The optimistic Unionist may think, after already having said No in an independence referendum, and then having witnessed the extreme difficulties and uncertainty inflicted on Scotland by Brexit, that the Scottish people may stick with the devil they know.

But most of all, the optimistic Unionist may see that the union has been placed in danger not by Brexit, as people lazily assume, but by asymmetric and insufficient devolution over the last 20 years. He may realise that Britain remains heavily centralised; that Scotland has always wanted ‘something in the middle’ far more than it has wanted either the status quo or independence; that his new voters in the north of England have been disempowered by devolution and have no outlet with which to legitimately express their Englishness.
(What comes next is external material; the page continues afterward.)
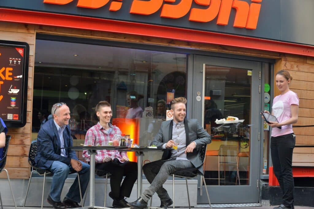 Egy brit étterem jelentősen megnövelte az ételkiszállítás sebességét a vendégek asztalához – a világ első repülő tálcájával. A pincérek most akár 25 mérföld per órás sebességgel repíthetik az iTray-t az asztalok fölött és a székek között – avagy hatszor gyorsabban, mint a pincérek átlag sebessége. A japán Yo!Sushi étteremlánc központi londoni éttermének személyzete jelenleg most kísérletezget a gépezettel. A pincérek és pincérnők egy iPad segítségével irányítják a repülő tálcát, míg a konyhai személyzet egy két helyszíni kamera által vett élő video felvételről tudja ellenőrizni, hogy az étel ki lett-e szállítva. A személyzet megpakolja tálcát, elrepítik a vendég asztalához, akár 50 yard-nyi távolságba is, és visszarepítik, amikor látják, hogy az ételt leszedték róla. Egy pincérnő, Gabriella Micu, 28, azt mondta: „Ez igencsak mókás a vendégek számára és reméljük, hogy elérkezünk majd ahhoz a ponthoz, amikor a központi konyhából tudjuk kiszolgálni a vendégeket, mivel egyértelműen csökkentené a mászkálással töltött időt az étteremben.” A cég az iTray bevetésével új hamburgerük forgalomba hozatalát kívánja fémjelezni, amelynél hagyományos hamburger bucijukat japán pirított rizsre cserélték le. Egy vendég, Mark Love, 26, Londonból azt mondta: „Amikor megrendeltem a hamburgert, még csak nem is képzeltem volna, hogy egy tálcán fog odarepülni hozzám. Elképesztő volt és a legfurcsább dolog, amit valaha láttam, mintha egy tudományos fantasztikus regényből lépett volna elő. Varázslattal szállították, akár egy földönkívüli repülő csészealj, egyenesen az asztalomhoz repítve az ételt.”

The optimistic Unionist may rate his chances not just of beating Scottish nationalism, preventing any surge in Welsh nationalism, and pulling the wandering eyes of the Ulstermen back east and away from the south, but of reshaping the UK forever, offering true home rule to the nations and perhaps even creating a bespoke solution for his former fiefdom in London.

The Tories have never asked themselves the question: “What does the SNP not want us to do?”. If they did, they may hear this answer: “Hold a second independence referendum in May 2020”.